Когда я шел по льду Таганрогского залива весной сорок второго года, мне трудно, невозможно было представить далекий восемьдесят третий год… Но вспомнить сейчас все, о чем я тогда думал, тоже трудно. Как ни странно, но мне кажется, что чувства в памяти хранятся надежнее. Я помню, что мне было сначала страшно. Потом этот страх отступил. Все больше крепла надежда: «Дойду! Увижу своих… Буду у своих…» Я и думал об этом, и старался не думать — боялся сглазить. Это было похоже на чувство, которое бывает в игре, когда тебе везет. Думать об этом было радостно — это я помню. С такой радостью не могла сравниться ни одна другая, какую я переживал раньше.

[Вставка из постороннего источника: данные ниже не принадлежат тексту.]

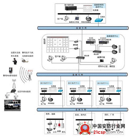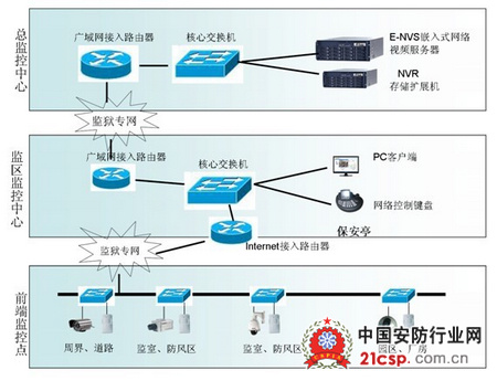 2)系统构架分为总监控中心、分监控中心、监室及放风区的三级构架,三级之间通过监控专网连接;与领导办公室之间采用专用IP网络连接;

Я шел уже третий час. Усталость начала постепенно вытеснять все чувства и мысли. Ноги болели. Я мог часами гонять футбольный мяч по Степку́, но одно дело гонять в футбол, другое — идти по льду.

Я растер пятку. Боль становилась все острее. Я сел на лед и снял валенок. Оказывается, на пятке протерся носок. Я опустил его, кое-как подвернул и снова сунул ногу в валенок. Вроде стало полегче. Но ненадолго: пятка уже была растерта. Я шел теперь прихрамывая.

То, что я испытывал недавно, радость, стало убывать. Казалось, ближе к цели, почему бы это? Мной стало овладевать другое чувство — тревога. Это было, как я теперь понимаю, помимо моей воли и моего сознания. Нога болела все сильнее, и я, естественно, шел медленнее. Берега больше я не видел. И мне начинало казаться, что я потерял ориентировку. Трубы металлургического завода, которые служили мне маяком, тоже больше не просматривались. Я шел теперь вслепую, одним чутьем. И мог, конечно, сбиться с пути — выйти в открытое море или напороться на берег, где немцы с пулеметами. Прожекторы они почему-то зажигать перестали.

Я шел уже не меньше четырех часов. Меня стал одолевать страх, что я заблудился. Он становился сильнее страха перед немцами. Я несколько изменил направление, взял как я считал, ближе к берегу.

Мелькнула мысль: может, вот здесь, за торосом, отсидеться, пока не станет развидняться? Тогда и сориентироваться будет легче. Как я теперь понимаю, во мне заговорила тогда усталость: хотелось посидеть, отдохнуть. Нога болела… И мысли невольно пошли в этом направлении. Но все-таки здравый смысл, воля одолели. Я пошел дальше. Небо в той стороне, где были наши, стало как будто светлеть. Бывает такое время, когда рассвет начинает едва брезжить, только угадывается, и кажется, что это еще не рассвет — просто твои глаза стали лучше видеть в ночи, попривыкли.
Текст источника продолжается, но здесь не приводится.